Let $G=\mathrm{PSU}(3,5)$, the simple group of order 126,000. Let $\chi_2$ be the $20$ dimensional representation. This has an invariant (symplectic) inner product. Then the symmetric square is $\chi_7 + \chi_{10}$, while the exterior square is $\chi_1+\chi_4+\chi_5+\chi_6+\chi_8$. Here, the dimensions are $84+126$ and $1+28+28+28+105$. This is an example with the roles interchanged, as permitted by the question. I've used ATLAS notation for the characters.
Here is a simple infinite family of examples which shows that we can have as many irreducible constituents as we want in both the symmetric and exterior square. Let $G=\operatorname{PGL}_2(\mathbb{F}_q)$, where $q$ is odd and let $V$ be the Steinberg representation (which has dim $q$). It can be checked that $V\otimes V$ is multiplicity-free and contains every irrep of $G$ except the non-trivial one-dimensional one (this is the least obvious step). Moreover, $V$ has real-valued character, so carries a $G$-invariant bilinear form.

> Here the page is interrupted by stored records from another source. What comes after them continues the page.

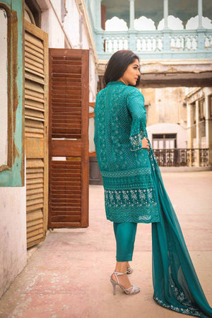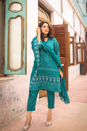 Delicate details; cut from Indian-chiffon. This beautiful shirt is rendered with embroidered Chikan kari - Paired with matching straight pants & embroidered dupatta.Collection: Nissa'21
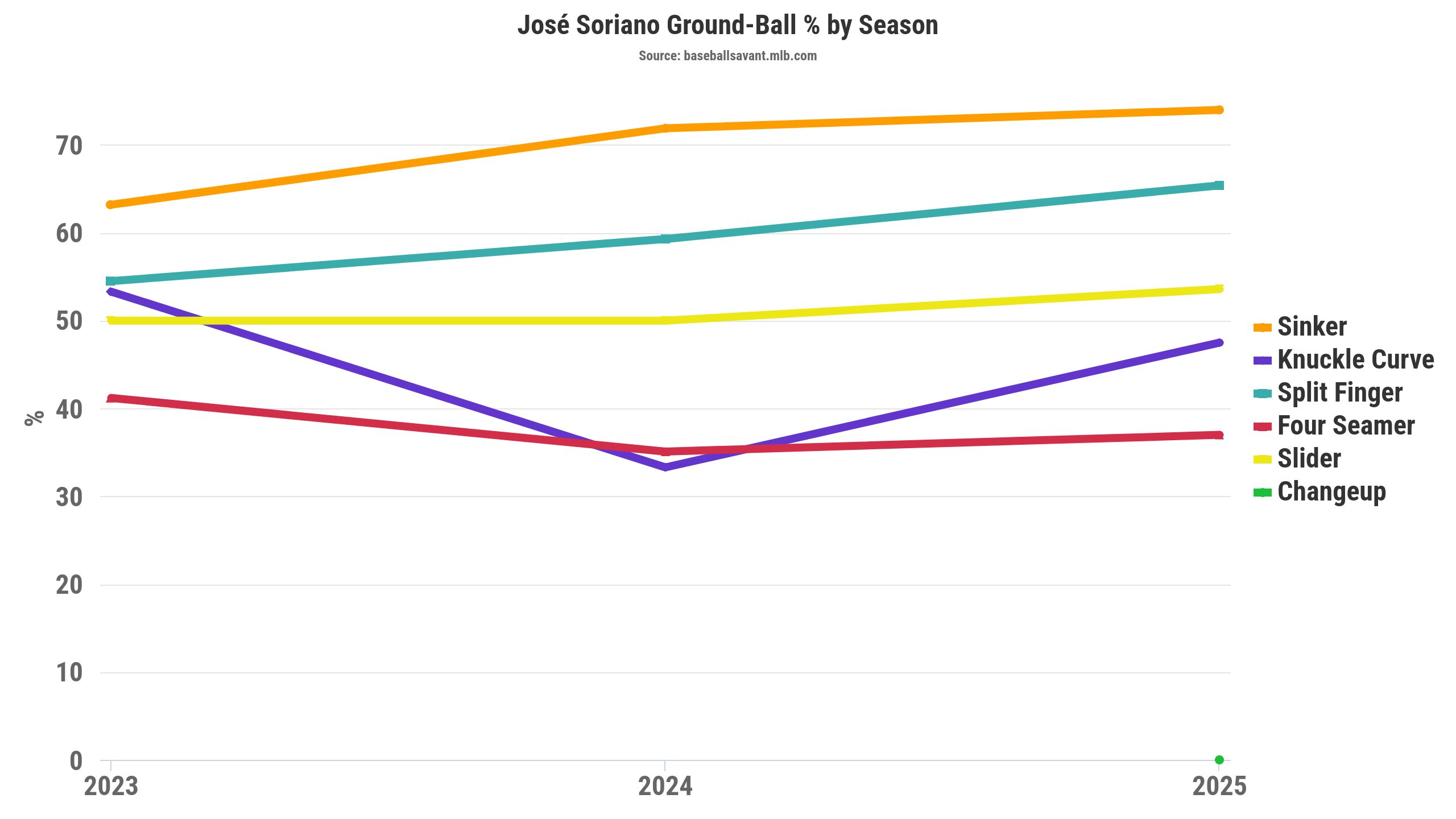 It feels like Soriano is overlooked in many leagues. My best guess is that he toils in relative obscurity and that people are wary of his strikeout rate. Yet he has the highest ground-ball rate in MLB, literally in the 100th percentile (66% GB%).
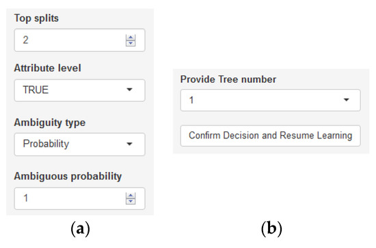 We then moved to an example incorporating ambiguity to the learning, which was defined by the difference in the probabilities between the highest class probability and the second-highest class probability per node, below which the expert had to make a decision regarding the subsequent tree structure. We set up this threshold at 0.40 (the ambProb parameter in console mode or “Ambiguous probability” in Shiny). The remaining parameters stayed the same. After starting the learning, the first step generated the results presented in Figure 5a.
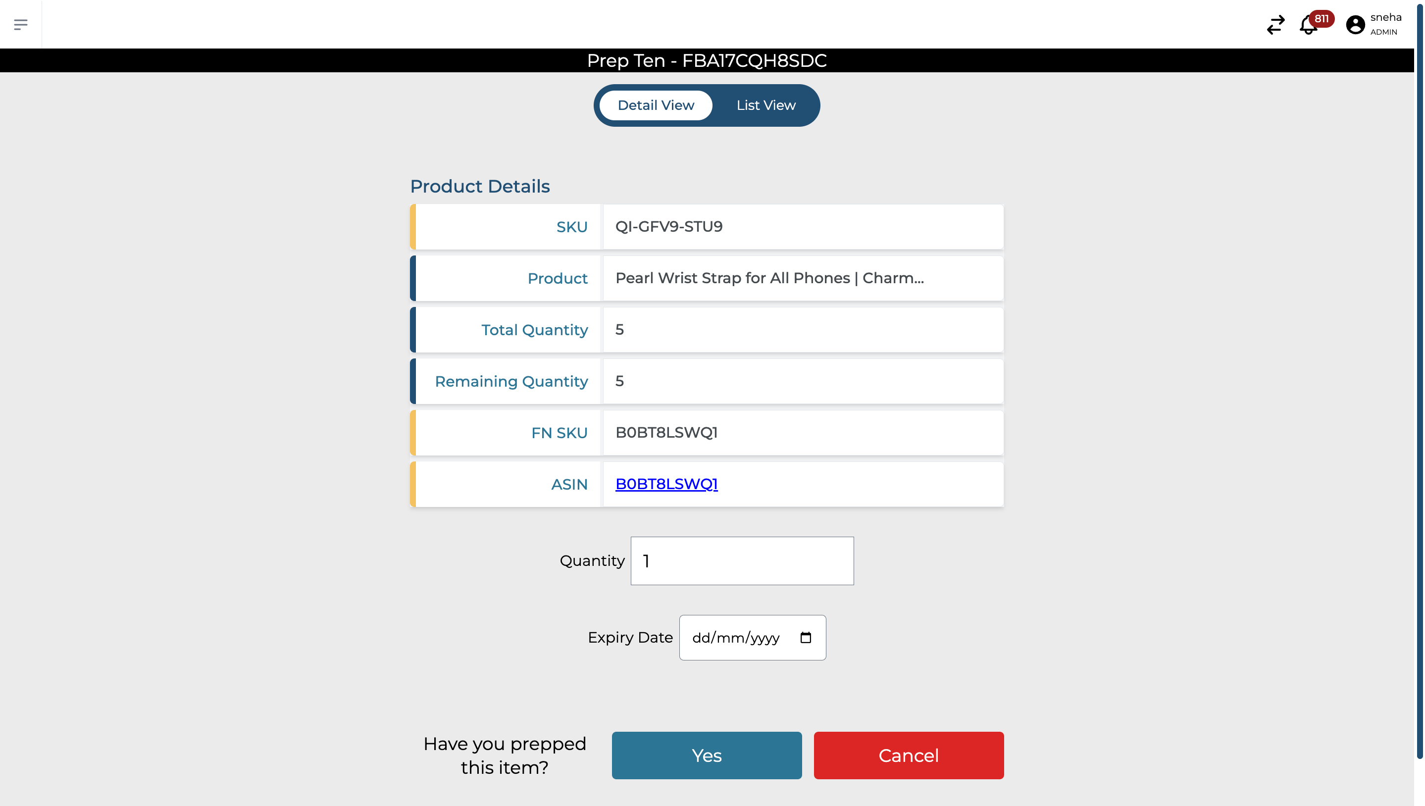 Remaining Quantity: Displays the number of units that are yet to be prepped.
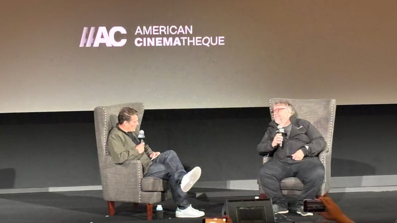 I step out of my wife’s car and face the Egyptian theater, located in the heart of Hollywood on Hollywood Boulevard. A strained hamstring prevents me from driving myself. But as I head into the sacred building amongst filmgoers, my limp disappears. There’s even a spring in my step. Because tonight, I get to see the one and only Guillermo del Toro introduce a trio of his films as part of the Beyond Fest at American Cinematheque’s “From Sketch to Screen” series. On the docket? Hellboy 1, Hellboy 2, and Blade II. My nerves are practically buzzing.
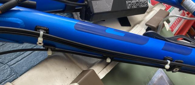まぁ何とかケーブルをまとめる事が出来てスッキリしました。台座部分は両面テープで貼り付けで粘着力の強いタイプですが屋外の環境でどれだけ持つかは微妙です。専用の樹脂製クリップが付属していたのですが勘合が悪くすぐに外れてしまうので百均のタイラップ(結束バンド、インシュロック)で止めました簡単確実。

The group $G$ has $(q-3)/2$ irreps of dim $q+1$, $(q-1)/2$ irreps of dim $q-1$, 2 irreps of dim $q$ and 2 of dim 1. Meanwhile, the symmetric square of $V$ has dim $q(q+1)/2$ and the exterior square has dim $q(q-1)/2$. Thus, for $q$ large enough, each one contains more than $N$ irreducible constituents, for any given positive $N$. For example, for $q=11$, $G$ has order 1,320 and the symmetric and exterior squares of $V$ both have at least 5 irreducible constituents (one can easily find a better bound or even the exact numbers).